What is Strategic Management?

 

We use the term “strategic management” often, but what exactly does it mean? To some, it might seem obvious, but the reality is that the term has a lot underneath the surface that is worth unpacking.

To understand what strategic management is from a base level, let’s turn to our friends at the Association of Strategic Planning (ASP) who define the term in their guide to the Body of Knowledge (BOK 2.0) :

Strategic management is an organization’s process of continuous planning, executing, monitoring, analyzing and assessing all that is necessary for an organization to meet its goals and objectives in pursuit of a future direction. This includes decisions and actions that determine the long-run performance of an organization.

When you boil the concept down to the basics, “strategic management” involves managing the strategic plan you developed and monitoring performance along the way.

Managing a strategic plan isn’t a simple task; there are many processes running at once that need to be constantly monitored. Having insight into each of these processes, the resources they require and how they all work towards your company’s mission and vision is a demanding task that can create stress and frustration for those in charge.
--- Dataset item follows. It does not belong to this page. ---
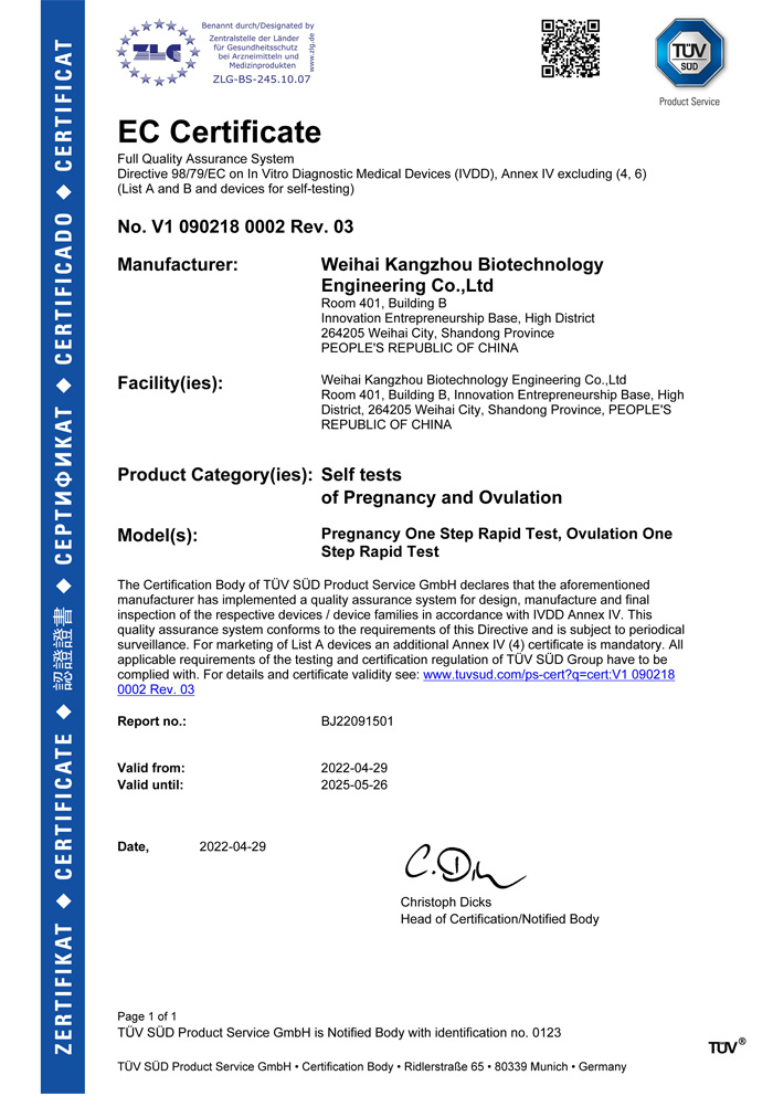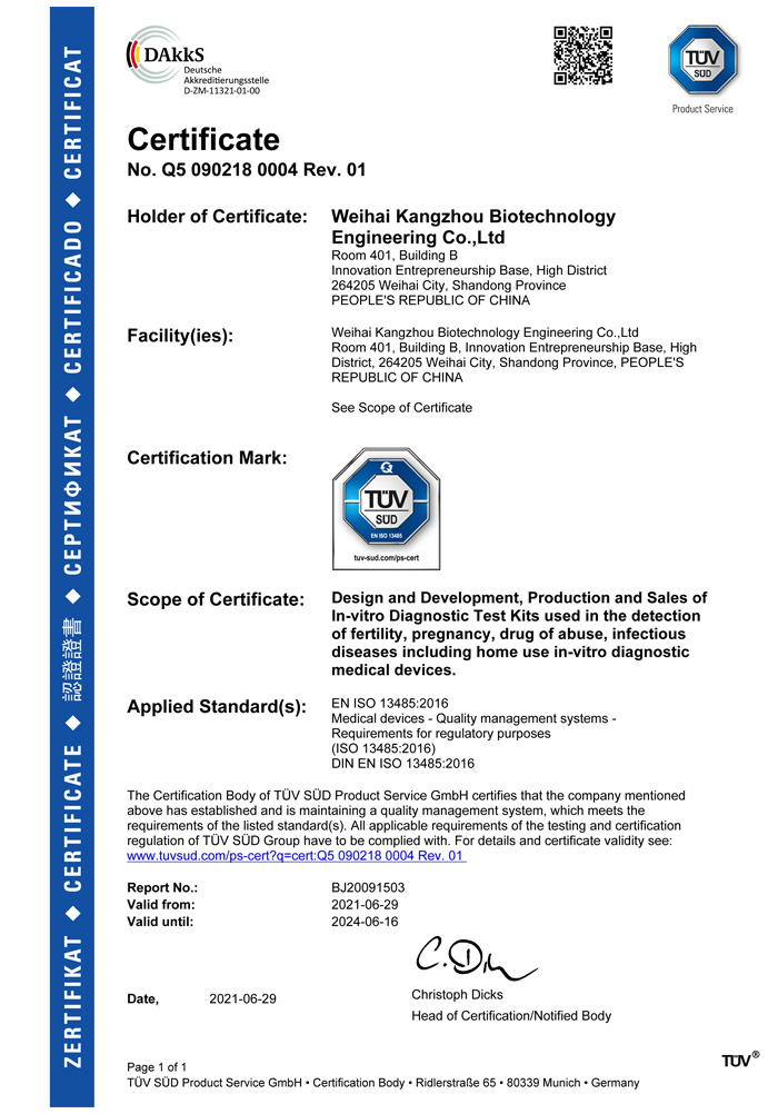 ? ? ?威海康州生物工程有限公司成立于2013年,公司坐落于風(fēng)景秀麗的海濱小城——威海市。康州生物是集研發(fā)、生產(chǎn)和銷售于一體的生物科技公司,與威海哈爾濱工業(yè)大學(xué)合作研發(fā)團(tuán)隊(duì),擁有先進(jìn)的科研基地及生產(chǎn)基地。主要從事快速診斷檢測產(chǎn)品的研發(fā)、生產(chǎn)、銷售。產(chǎn)品涵蓋:生育檢測、藥物濫用檢測、農(nóng)藥殘留檢測以及其他臨床診斷檢測等。公司自主研發(fā)生產(chǎn)得早早孕試紙,排卵檢測試紙,毒品檢測及疾病檢測等醫(yī)用產(chǎn)品,經(jīng)過歐盟認(rèn)證,產(chǎn)品質(zhì)量穩(wěn)定,值得信賴。

Thankfully, there are proven methods that professionals can rely on to manage strategy successfully.

Where to Start

Good strategic management doesn’t look exactly the same for every business, but it does follow a similar roadmap. This roadmap can be broken down into six phases:

1.      Assess and Organize

2.      Environmental Assessment

3.      Strategy Formulation

4.      Strategic Planning

5.      Strategy Execution

6.      Performance Management

Going a Little Deeper

·         Phase 1: By “Assess and Organize” we mean assessing current strategic direction and capabilities of the organization and designing and organizing an appropriate startup program based on this assessment.

·         Phase 2: The Environmental Assessment includes external analyses on macro and micro level trends that impact the organization, internal analyses on the organization’s core competencies, and a SWOT evaluation based on these analyses.
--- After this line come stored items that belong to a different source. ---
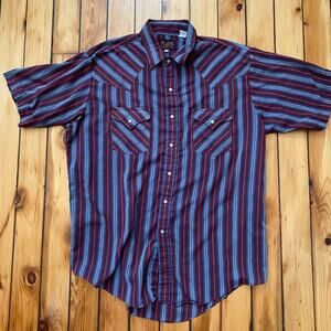 Vintage 1980s Plains Western Wear Pearl Snap Button Up Short Sleeve Shirt L
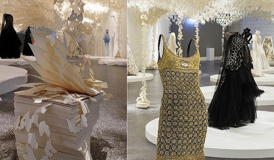 Один из выдающихся модных кутюрье современности Карл Лагерфельд недавно отметил 50-летний юбилей своей творческой деятельности. К этому событию была приурочена выставка с его лучшими работами. Достойным обрамлением шедевров дизайнера стала бумажная инсталляция, напоминающая воздушные своды сказочного дворца.
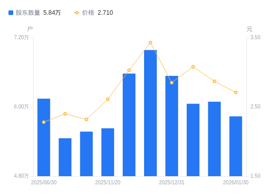 近一年(2025年3月31日至2026年1月30日),世联行A股股东户数从6.37万户,减低至5.84万户,降幅8.30%,区间股价上涨13.87%。

·         Phase 3: The Strategy Formulation phase is to define the organization’s strategic direction and establish high-level strategies to achieve desired future state.

·         Phase 4: The Strategic Planning phase lays out process flows as to develop a long term strategic plan to guide leadership’s decision-making and to develop a nearer term strategic operating plan to guide staff’s implementation.

·         Phase 5: Strategy Execution means aligning the organization behind the strategy and implementing the strategic operating plan through effective communication, change management, project management and risk management techniques.

·         Phase 6: Performance Management is to measure the performance of the organization’s strategy, learn from weak signals and agilely adapt the plan to become a strategy focused organization which has strategic management as an ongoing process.